Nadie me habló. Nadie me preguntó nada. Me traían comida, retiraban bandejas, cambiaban las sábanas. Eficientes. Silenciosas. Invisibles.
Y yo observaba. Siempre observando.
Al tercer día de mi convalecencia, alguien llamó a la puerta. Una joven sirvienta entró con cautela, cabeza inclinada en reverencia aprendida.
—Su Alteza el príncipe la espera en el comedor principal —dijo con voz neutra.
No era una invitación: era una orden envuelta en cortesía. Miré por la puerta entreabierta y vi dos guardias de pie, sus manos descansando sobre las empuñaduras de sus espadas. No había escapatoria.
Pero tampoco tenía intención de obedecer mansamente.
—Dígale al príncipe que no estoy en disposición de contentarle —respondí.
La sirvienta vaciló, claramente incómoda con tener que llevar ese mensaje. Finalmente asintió y se retiró, cerrando la puerta tras de sí con un clic suave.

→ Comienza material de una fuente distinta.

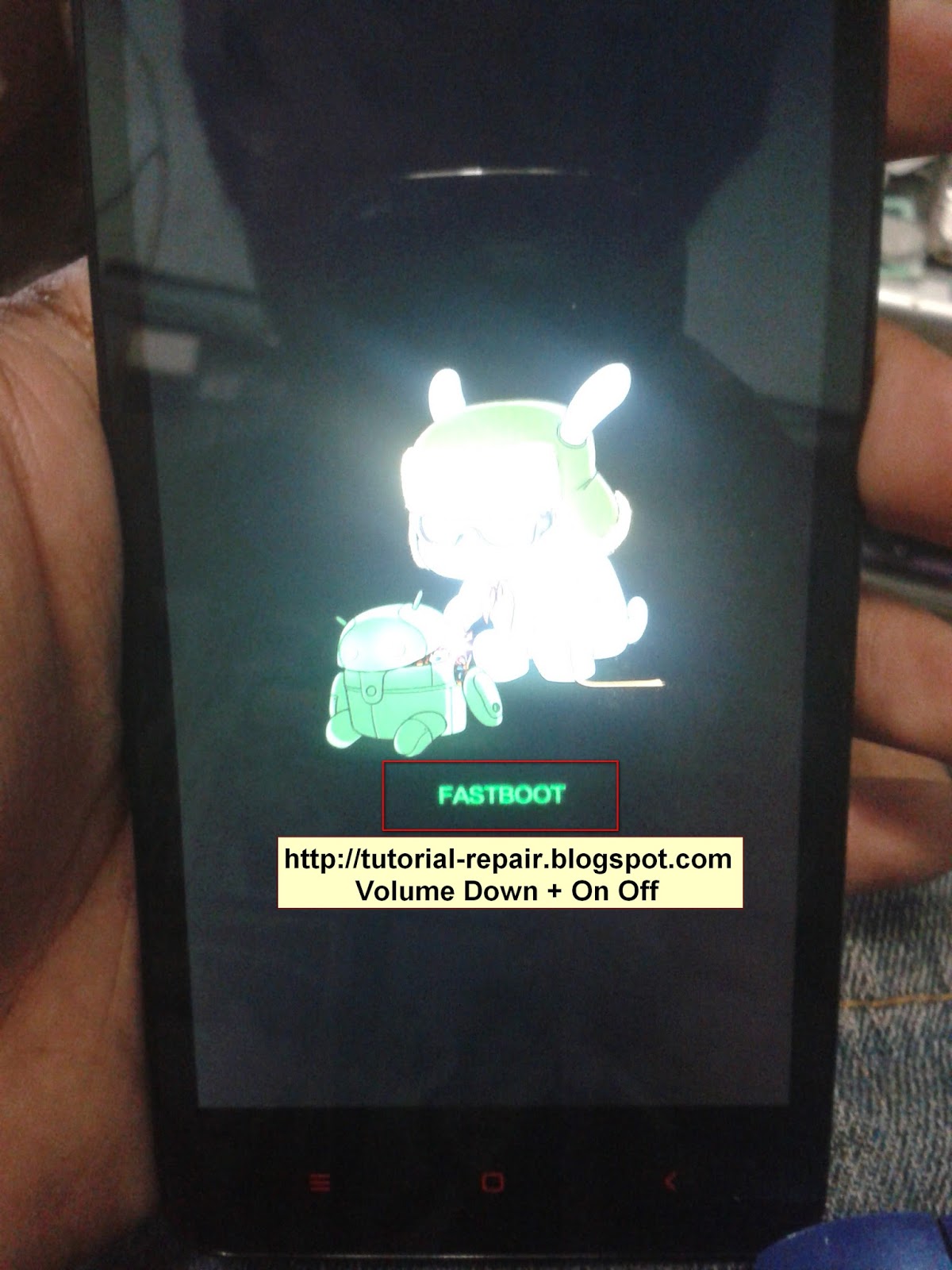 4.pastikan handphone dalam posisi fastboot mode dengan cara tekan volume down + on off atau volume down + colok usb ke komputer.

Me quedé de pie en medio de la habitación, mirando la puerta cerrada. No me sorprendió cuando, apenas unos minutos después, escuché el eco de pasos decididos subiendo las escaleras del torreón.
Un golpe en la puerta. No fue el toque suave de una sirvienta: era firme, autoritario, cargado de impaciencia apenas contenida.
Por supuesto. No aceptaría un no como respuesta.
Antes de que pudiera responder, una voz cortó el silencio.
—Layla. Abre la puerta.
Ahí estaba. El príncipe.
Rowan Nathaniel Ravenswood. Príncipe heredero del vasto Imperio de Belfalas, y un jodido asesino.
Me tomé mi tiempo. Alisé el vestido sencillo que había elegido esa mañana, me aseguré de que cada pliegue estuviera en su lugar. No iba a darle el placer de verme descompuesta.